The swatch on the MAC site makes it look way too white but people seem to love this shade.

Does anyone know how this compares to Fairylite pigment?

TIA
*


----------



## OfficerJenny (Aug 9, 2008)

Though I'm not of colour, Vanilla is a really sheer white, with golden caramel reflects, so it's not like OMG WHITE!!!! 

I'm sure it looks great on all skintones, and it's buildable if it's too sheer!


----------



## esoterica (Aug 9, 2008)

*Thanks Jen, I didn't realise it was sheer. 

That would explain why everyone loves it! 
	

	
	
		
		

		
		
	


	



*


----------



## beauty_marked (Aug 9, 2008)

I find that Vanilla piggie is very close to NARS Albatross. Very sheer and great highlight.


----------



## esoterica (Aug 9, 2008)

*Thanks beauty,

Do you think it would go well with most eyeshadow colours?
*


----------



## MissAlphaKitty (Aug 9, 2008)

I use vanilla pigment to highlight and I'm NC42+ at the moment... (with a 188 dupe from silk naturals)

also currently loving it in my lower water line... peachy gold mmmm


----------



## j_absinthe (Aug 9, 2008)

Quote:

   Originally Posted by *beauty_marked* 

 
_I find that Vanilla piggie is very close to NARS Albatross. Very sheer and great highlight._

 
Really? I picked up a sample yesterday and find Albatross to be more pale gold.

More on the subject, I love it's "buildability", it goes on really nice sheer or you can pack it on for something more foiled like. It's warmth should work really well sheered out on darker skintones. Totally dig it.

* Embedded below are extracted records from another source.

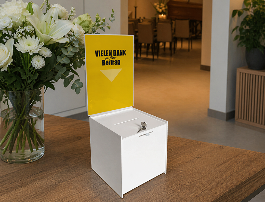Manche Bestattungsunternehmen stellen eine Sammelbox zur Verfügung, doch das ist nicht immer der Fall. In diesem Fall kann man selbst eine geeignete Spendenbox organisieren. Empfehlenswert ist ein abschließbares Modell, damit das gesammelte Geld sicher verwahrt ist.
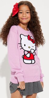 Roztomilý detský sveter v ružovej farbe s dlhým rukávom a okrúhlym výstrihom. Predná strana zdobená ikonickou postavičkou Hello Kitty s motívom „Wink“. Kombinácia bavlny a akrylu zaručuje mäkkosť aj odolnosť.
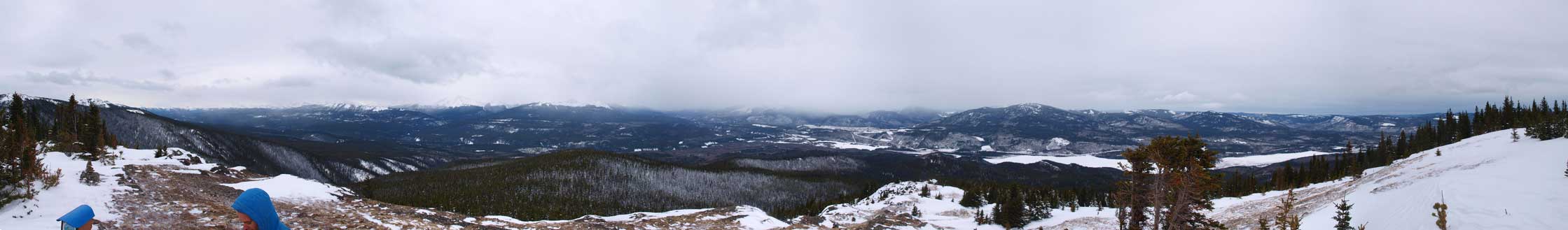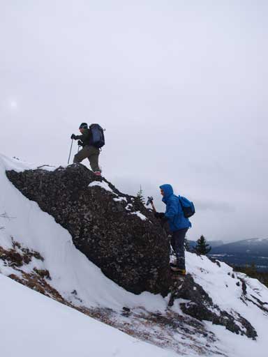 Although snow covered, the trail wasn’t too hard to follow. However, the route was much more challenging than expected. The lower part was nothing but snow covered rocks. The snow was too shallow for snowshoeing, but we didn’t know how deep was the snow higher up. Ben and I didn’t want to damage our shoes so we ditched them not far up, while Eric kept his snowshoes on. Knee deep post-holing soon started to punish us, but further up terrain became snow covered rocks again. In general it wasn’t a bad call for leaving our snowshoes behind. The sugary snow offered no support, and everybody sank to its bottom with or without snowshoes. The ridge went on forever, and it felt like eternity to finally break through the trees. Technically we didn’t reach treeline though as the summit was partially treed. Wind also picked up considerably. Eric brought his Passport for the Peaks guidebook, but it was almost impossible to stamp his page in this strong wind. He almost managed to lose several pages.
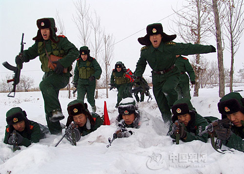 圖:武警新疆兵團(tuán)官兵頂風(fēng)冒雪練硬功(2)——中新網(wǎng)
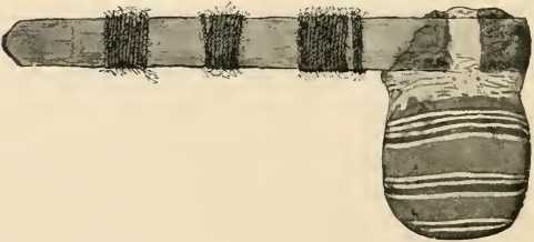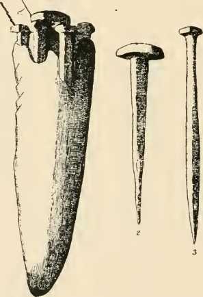 body was decapitated, the head preserved, and the rest of the body consumed on a funeral pyre. Strings of perforated shells and deer’s teeth, worn during life as necklaces or chaplets, were found buried with the skulls. On the skull of a little child hundreds of shells lay close together, placed there, no doubt, by some sad, affectionate hand.
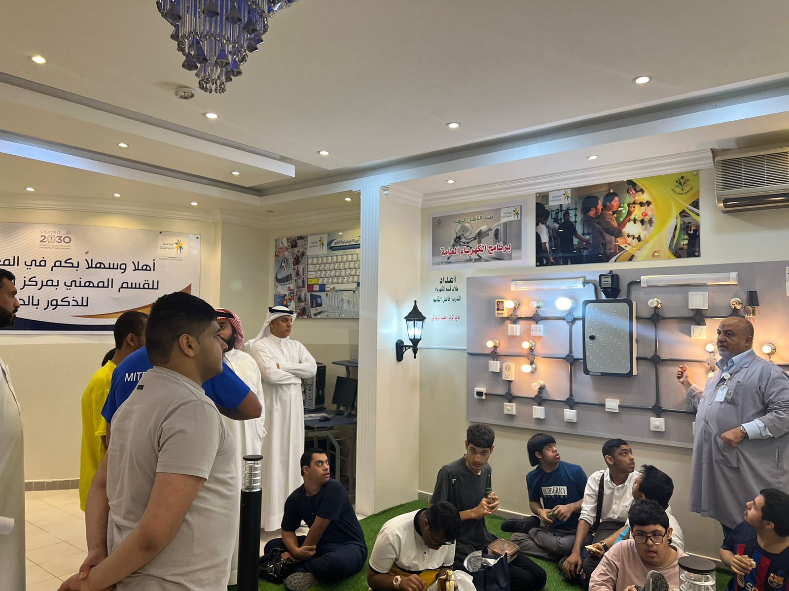 وقد قام رئيس القسم المهني عبدالمنعم المهنا بأخذ جولة بالطلاب لجميع الاقسم وهي الحاسب الالي والكهرباء والتمديدات الصحية والزراعة وتم شرح كامل لكل قسم ومايتطلبه من شروط للقبول فيه .

Also, am I the only one who thinks that it can resemble Dazzlelight e/s?


----------



## Twinkle_Twinkle (Aug 11, 2008)

Quote:

   Originally Posted by *esoterica* 

 
_*Thanks beauty,*

*Do you think it would go well with most eyeshadow colours?*_

 
Yes!  Vanilla is my new go to [eyeshadow] highlighter.


----------



## Twinkle_Twinkle (Aug 11, 2008)

Quote:

   Originally Posted by *j_absinthe* 

 
_Also, am I the only one who thinks that it can resemble Dazzlelight e/s?_

 
Hmm, I can see that, although they are a little different, I just can't articulate how.


----------



## pretebrowneyes (Aug 11, 2008)

how close to Loreal Hip pigment "Restless" is this?


----------



## aziajs (Aug 11, 2008)

I love Vanilla.  Everyone should own at least a sample.  It works because it's everything - sheer and opaque, white and gold, pink and peach.  Amazing color.

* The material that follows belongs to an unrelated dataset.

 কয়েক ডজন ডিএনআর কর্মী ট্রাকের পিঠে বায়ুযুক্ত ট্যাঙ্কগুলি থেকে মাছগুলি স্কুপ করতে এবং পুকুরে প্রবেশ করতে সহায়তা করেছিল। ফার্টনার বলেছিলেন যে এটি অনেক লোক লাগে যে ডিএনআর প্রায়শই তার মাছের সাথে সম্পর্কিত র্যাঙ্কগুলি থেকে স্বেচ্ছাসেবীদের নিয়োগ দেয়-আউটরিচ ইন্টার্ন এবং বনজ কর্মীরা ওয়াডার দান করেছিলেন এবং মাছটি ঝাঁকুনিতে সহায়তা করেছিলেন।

It's completely different from Fairylite.  It's has more of a metallic finish and it has more dimension in terms of color.


----------



## TheeBettyBoop (Aug 11, 2008)

I say yes
I am M skin tone, but my friend is dark skin and i use Vanilla pigment on her and it looks wonderful. In my opinion i belief that this pigment is very versitile that anyone can use it.   If you dont have the pigment and are wondering how it might look on you, i recommend you to go to a Mac store and try it. Dont forget to get a sample and play with at home and try different ways of using it.


----------



## MissAlphaKitty (Aug 11, 2008)

Quote:

   Originally Posted by *aziajs* 

 
_It's completely different from Fairylite.  It's has more of a metallic finish and it has more dimension in terms of color._

 
Thank you for the awesome description/comparison... 
now I can scratch fairylite off my "to do" list


----------



## j_absinthe (Aug 12, 2008)

Totally OT, aziajs, but who are those stunning beauties in your avatar?


----------



## honeebee (Aug 14, 2008)

I absolutely love this color. I could actually see my going through a whole jar of it.


----------



## NotteRequiem (Aug 14, 2008)

Vanilla is my lifesaver, lol. There have been times (like.... today, actually haha) where I've used it as a brow highlight and then without putting more on the brush, I just bring down the color over my lids if I feel my eyeshadow is a little too dark for daytime. Brightens it right up for me. <3


----------



## MAChostage (Aug 14, 2008)

Quote:

   Originally Posted by *MissAlphaKitty* 

 
_Thank you for the awesome description/comparison... 
now I can scratch fairylite off my "to do" list 
	

	
	
		
		

		
		
	


	


_

 
DON'T!  I think that Fairylite is great, and different enough to own as well as Vanilla.  Try a sample.


----------



## Indian Barbie (Aug 15, 2008)

i use vanilla pigment every single day! Its gorjus!!!!!


----------



## BlaqueBarbie (Sep 2, 2008)

I use my piggie to the max please believe it and sometimes I mix it with my moisturizer and it works great everyones always like your glowing as for a h/l its perfection!


----------



## M.A.C. head. (Sep 2, 2008)

Vanilla pigment is versatile and GREAT for AA skin tones!  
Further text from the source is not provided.